Progress on those “push” factors will take awhile; neither economic development nor solving the U.S. opioid crisis will happen overnight. In the short term, Kelly’ wants to cut the “pull” factor.

That means strict — and public — enforcement of the U.S. immigration laws to discourage people from entering the States without proper documentation. Immigration policy experts have generally discarded this approach, saying that the pushes are far more powerful than the pulls. But at least in the short term, the Trump administration’s approach appears to be working.

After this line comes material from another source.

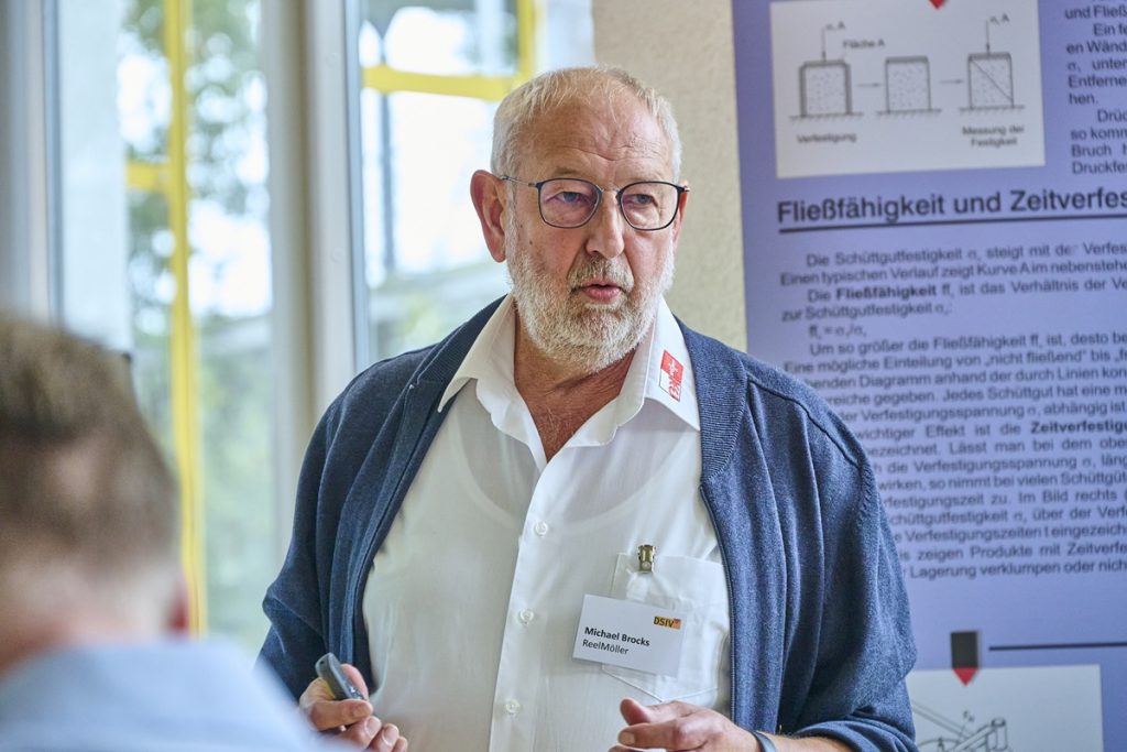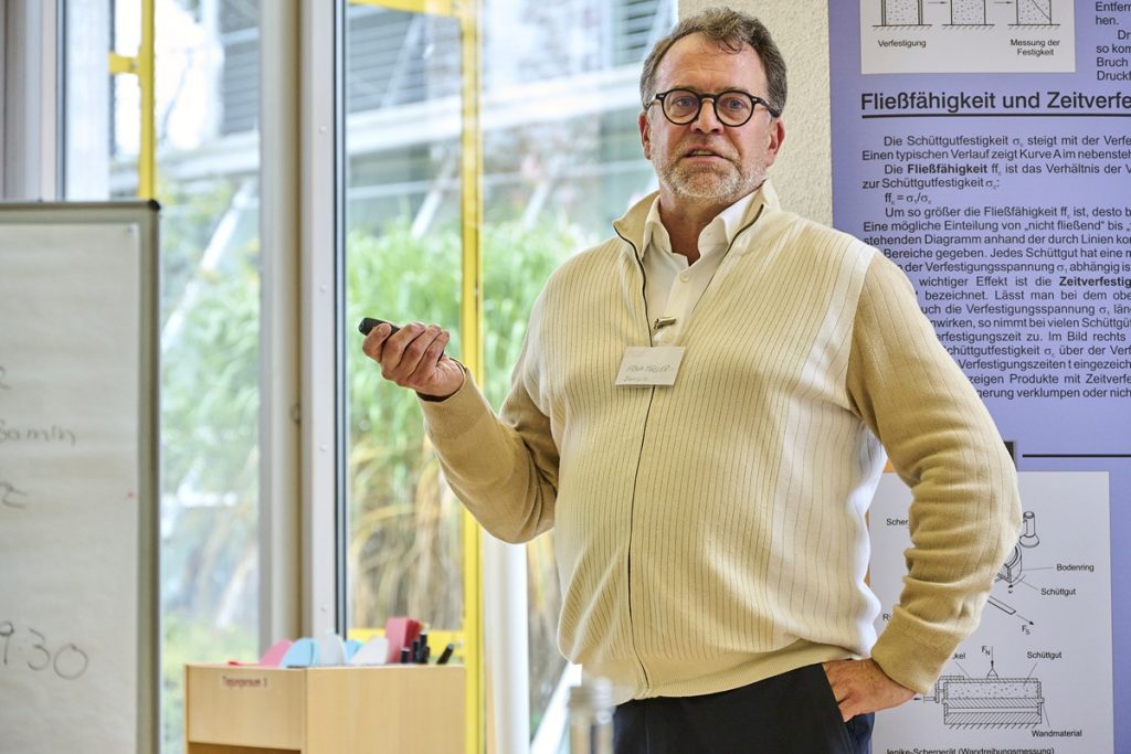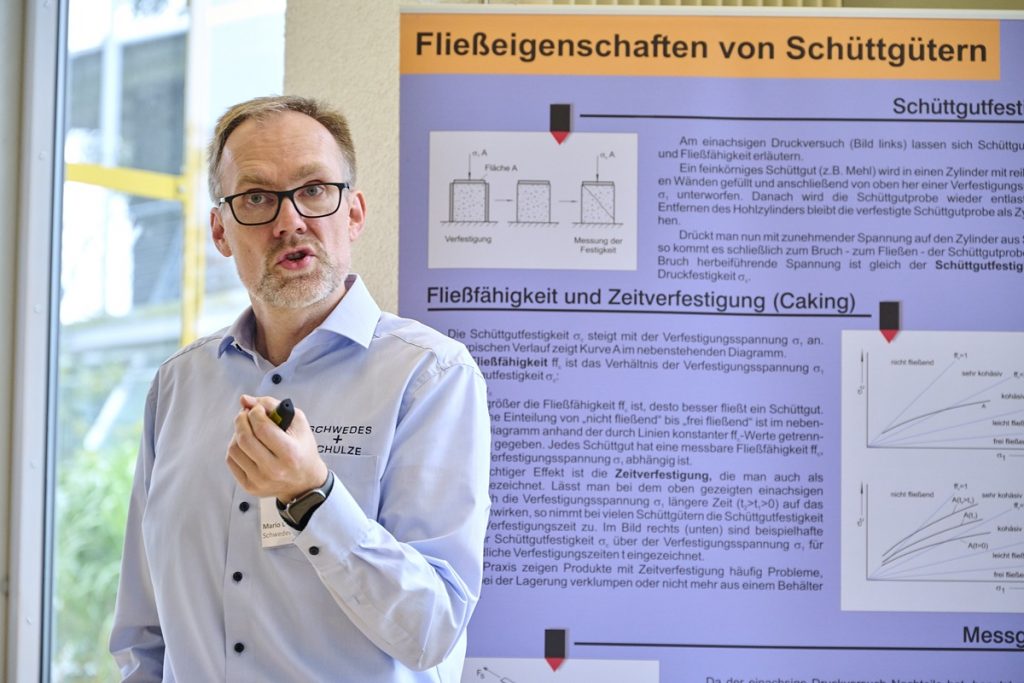 Mario Dikty, (Schwedes und Schulze) führte durch den Tag und referierte selbst über: „Siloauslegung: Massenfluss – Massenfluss – Massenfluss“. Großes Lob von den Teilnehmern für die hervorragende Moderation und den Grundsatzvortrag.

“The message is, ‘If you get here, and if you pay the traffickers, you will probably get here, but you will be turned around within our laws relatively quickly, and returned —it’s not worth wasting your money,’” Kelly said. “Because of all that, and our partnership with Mexico, illegal movements … up into the United States has dropped by 70 percent.”

That approach hasn’t been without controversy, from Texas to Pennsylvania and elsewhere. But Kelly has no plans to shy away from it. Besides believing that it has decreased undocumented immigrants, the retired four-star said it’s also a matter of legal responsibility.

“I have no choice but to carry out the law,” he said. “I’m very quick to point out to Congress, if you don’t like the immigration laws, then do your duty and change the law.”

That’s a refrain he’s oft repeated since assuming the DHS mantle — sometimes with slightly more direct language.

But what about a wall?

Even before he was confirmed, Kelly advocated a much more holistic approach to the physical land border than the White House’s calls for a wall.

“Securing our border — in some places with a physical barrier, in others with patrolling [and] technology — that will go a long way, as well,” he said today.

Trump had requested $1.5 billion to start constructing a wall along the southern border. But the 2017 budget, passed by Congress today, does not include funding for any new walls or fencing (though it does include $341 million for repairing existing barriers).